- Data for processing:
■ ■ ■ ■ ■
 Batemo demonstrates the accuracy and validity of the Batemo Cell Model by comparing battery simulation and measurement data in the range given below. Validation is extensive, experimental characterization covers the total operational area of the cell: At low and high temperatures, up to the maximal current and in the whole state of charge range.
■ ■ ■ ■ ■
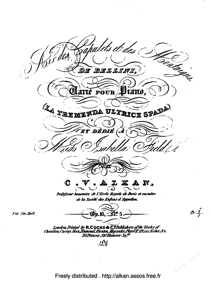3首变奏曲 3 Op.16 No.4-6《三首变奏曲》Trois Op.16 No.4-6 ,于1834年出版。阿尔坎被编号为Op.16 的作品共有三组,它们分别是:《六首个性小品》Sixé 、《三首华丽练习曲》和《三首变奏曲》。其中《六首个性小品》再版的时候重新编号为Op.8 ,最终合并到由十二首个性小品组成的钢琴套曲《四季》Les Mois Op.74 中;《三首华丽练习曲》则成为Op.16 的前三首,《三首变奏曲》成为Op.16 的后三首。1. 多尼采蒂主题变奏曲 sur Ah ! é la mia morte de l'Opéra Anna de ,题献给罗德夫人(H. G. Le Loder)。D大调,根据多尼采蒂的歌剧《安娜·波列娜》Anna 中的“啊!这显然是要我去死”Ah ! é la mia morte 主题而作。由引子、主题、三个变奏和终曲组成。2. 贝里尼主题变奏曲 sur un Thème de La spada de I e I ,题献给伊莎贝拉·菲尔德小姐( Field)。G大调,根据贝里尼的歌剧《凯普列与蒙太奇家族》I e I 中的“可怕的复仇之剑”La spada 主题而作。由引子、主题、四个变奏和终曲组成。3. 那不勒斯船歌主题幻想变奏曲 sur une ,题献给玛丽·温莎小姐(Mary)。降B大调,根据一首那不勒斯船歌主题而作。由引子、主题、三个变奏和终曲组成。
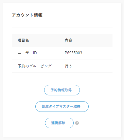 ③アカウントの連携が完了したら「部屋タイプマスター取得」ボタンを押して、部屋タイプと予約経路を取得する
■ ■ ■ ■ ■
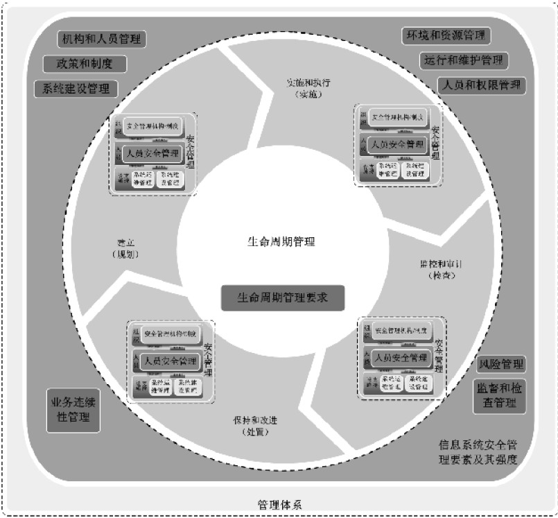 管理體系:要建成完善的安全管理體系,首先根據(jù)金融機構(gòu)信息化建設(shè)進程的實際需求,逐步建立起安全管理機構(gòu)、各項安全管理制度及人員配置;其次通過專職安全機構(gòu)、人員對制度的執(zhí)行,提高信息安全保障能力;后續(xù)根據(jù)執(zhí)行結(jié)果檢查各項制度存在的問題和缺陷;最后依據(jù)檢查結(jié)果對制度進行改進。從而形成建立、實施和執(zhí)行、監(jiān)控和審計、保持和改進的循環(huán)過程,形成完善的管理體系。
■ ■ ■ ■ ■
- Task item: In the material above, the stretch from the line with "3首变奏曲 3 Op.16" through the line with "③アカウントの連携が完了した" is to be given again exactly, minus the pictures.

- Solved exercise:
3首变奏曲 3 Op.16 No.4-6《三首变奏曲》Trois Op.16 No.4-6 ,于1834年出版。阿尔坎被编号为Op.16 的作品共有三组,它们分别是:《六首个性小品》Sixé 、《三首华丽练习曲》和《三首变奏曲》。其中《六首个性小品》再版的时候重新编号为Op.8 ,最终合并到由十二首个性小品组成的钢琴套曲《四季》Les Mois Op.74 中;《三首华丽练习曲》则成为Op.16 的前三首,《三首变奏曲》成为Op.16 的后三首。1. 多尼采蒂主题变奏曲 sur Ah ! é la mia morte de l'Opéra Anna de ,题献给罗德夫人(H. G. Le Loder)。D大调,根据多尼采蒂的歌剧《安娜·波列娜》Anna 中的“啊!这显然是要我去死”Ah ! é la mia morte 主题而作。由引子、主题、三个变奏和终曲组成。2. 贝里尼主题变奏曲 sur un Thème de La spada de I e I ,题献给伊莎贝拉·菲尔德小姐( Field)。G大调,根据贝里尼的歌剧《凯普列与蒙太奇家族》I e I 中的“可怕的复仇之剑”La spada 主题而作。由引子、主题、四个变奏和终曲组成。3. 那不勒斯船歌主题幻想变奏曲 sur une ,题献给玛丽·温莎小姐(Mary)。降B大调,根据一首那不勒斯船歌主题而作。由引子、主题、三个变奏和终曲组成。
 ③アカウントの連携が完了したら「部屋タイプマスター取得」ボタンを押して、部屋タイプと予約経路を取得する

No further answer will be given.